Rozen et al. gebruiken afzonderlijke bacteriestammen op twee verschillende mediums, een met eenvoudige voedingscomponenten en een met genoteerde voedingsstoffen om populaties van bacteriën meer heterogeniteit te laten evolueren. Er werd ook gebruik gemaakt van een digitale simulatie gebaseerd op de bacteriële experimentopzet, met assortimenten van toewijzingen van fitness en effectieve populatiegroottes vergelijkbaar met die van de gebruikte bacteriën gebaseerd op zowel kleine als grote populatie-aanduidingen Binnen zowel eenvoudige als complexe omgevingen vertoonden kleinere populaties een grotere populatievariatie dan grotere populaties, die geen significante fitness-diversiteit vertoonden. Kleinere populaties hadden een verhoogde fitness en pasten zich sneller aan in de complexe omgeving, terwijl grote populaties zich sneller aanpasten dan kleine populaties in de eenvoudige omgeving. Deze gegevens tonen aan dat de gevolgen van toegenomen variatie binnen kleine populaties afhankelijk is van de omgeving: meer uitdagende of complexe omgevingen maken het mogelijk dat variantie aanwezig binnen kleine populaties een groter voordeel oplevert. Analyse toont aan dat kleinere populaties meer significante niveaus van fitness hebben door heterogeniteit binnen de groep, ongeacht de complexiteit van de omgeving; adaptieve reacties zijn groter in meer complexe omgevingen. Aanpassingen in aseksuele populaties worden ook niet beperkt door mutaties, aangezien genetische variatie binnen deze populaties aanpassing kan stimuleren.
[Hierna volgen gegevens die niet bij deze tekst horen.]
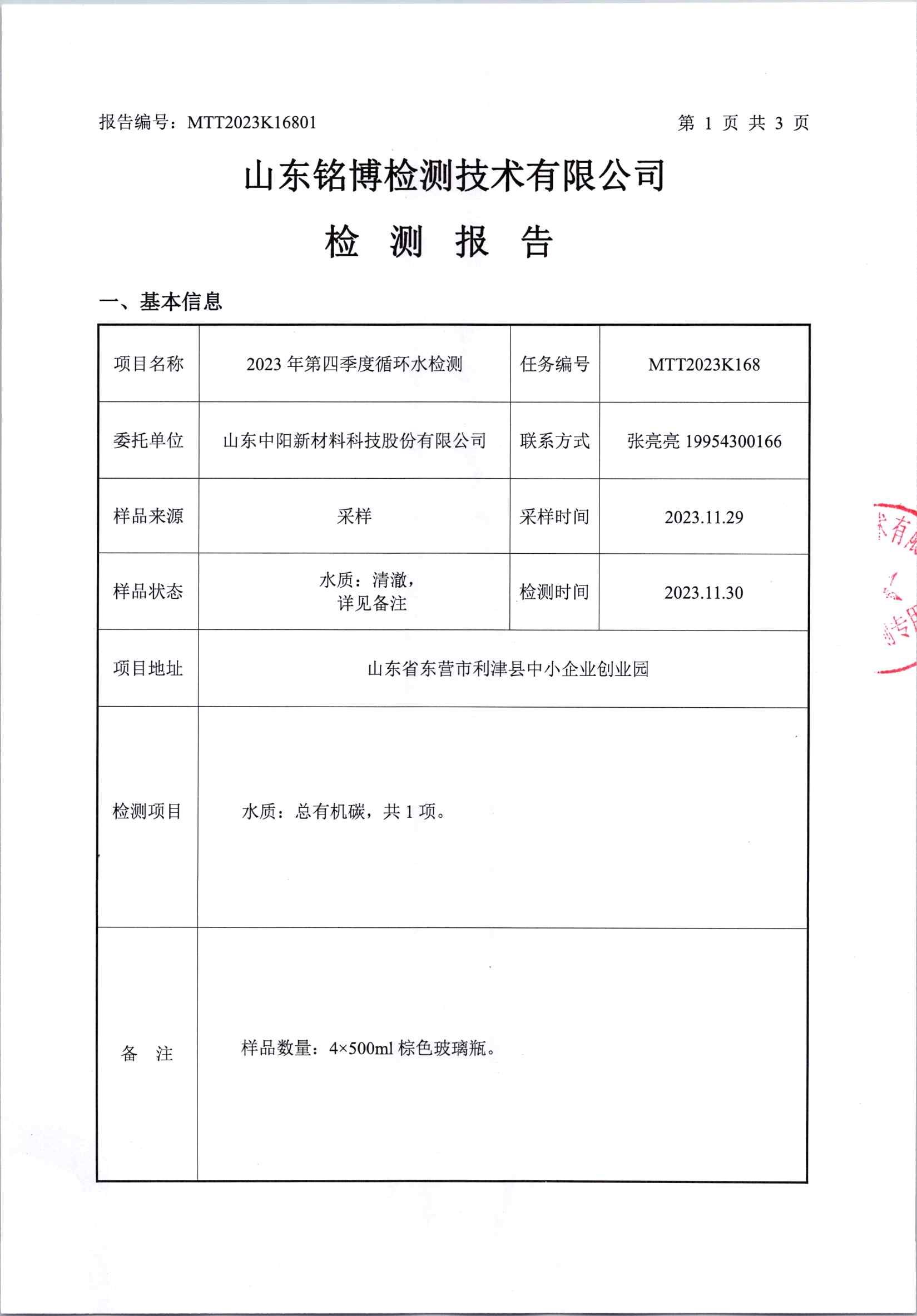 2023年四季度循环水检测

Hoewel kleine populaties meer uitdagingen ondervinden vanwege de beperkte toegang tot wijdverspreide gunstige mutaties, is aanpassing binnen deze populaties minder voorspelbaar en kunnen populaties plastischer zijn in hun omgevingsreacties. Het is bekend dat de toename in fitness in kleine aseksuele populaties sterk positief gecorreleerd is met de populatiegrootte en de mutatiesnelheid, en dat de fixatiekans van een gunstige mutatie omgekeerd evenredig is met de populatiegrootte en de mutatiesnelheid.
LaBar en Adami gebruiken digitale haploïde organismen om verschillende strategieën voor de accumulatie van genomische complexiteit te beoordelen. Deze studie toonde aan dat zowel drift als selectie effectief zijn in respectievelijk kleine en grote populaties, maar dat dit succes afhangt van verschillende factoren. Gegevens van de observatie van insertiemutaties in dit digitale systeem tonen aan dat kleine populaties een grotere genoomomomvang ontwikkelen door fixatie van schadelijke mutaties en dat grote populaties een grotere genoomomomvang ontwikkelen door fixatie van gunstige mutaties. Kleine populaties bleken een voordeel te hebben bij het bereiken van volledige genomische complexiteit ten gevolge van door drift veroorzaakte fenotypische complexiteit. Wanneer verwijderingsmutaties werden gesimuleerd, hadden alleen de grootste populaties een significant fitnessvoordeel. Deze simulaties tonen aan dat kleinere populaties deletie-mutaties fixeren door verhoogde genetische drift. Dit voordeel wordt waarschijnlijk beperkt door hoge extinctiesnelheden. Grotere populaties evolueren complexiteit door mutaties die de expressie van bepaalde genen verhogen; verwijdering van deletieve allelen beperkt de ontwikkeling van complexere genomen in de grotere groepen niet en een groot aantal insertiemutaties die resulteerden in gunstige of niet-functionele elementen binnen het genoom waren niet nodig. Wanneer deletiemutaties vaker voorkomen, hebben de grootste populaties een voordeel dat suggereert dat grotere populaties over het algemeen een evolutionair voordeel hebben voor de ontwikkeling van nieuwe eigenschappen.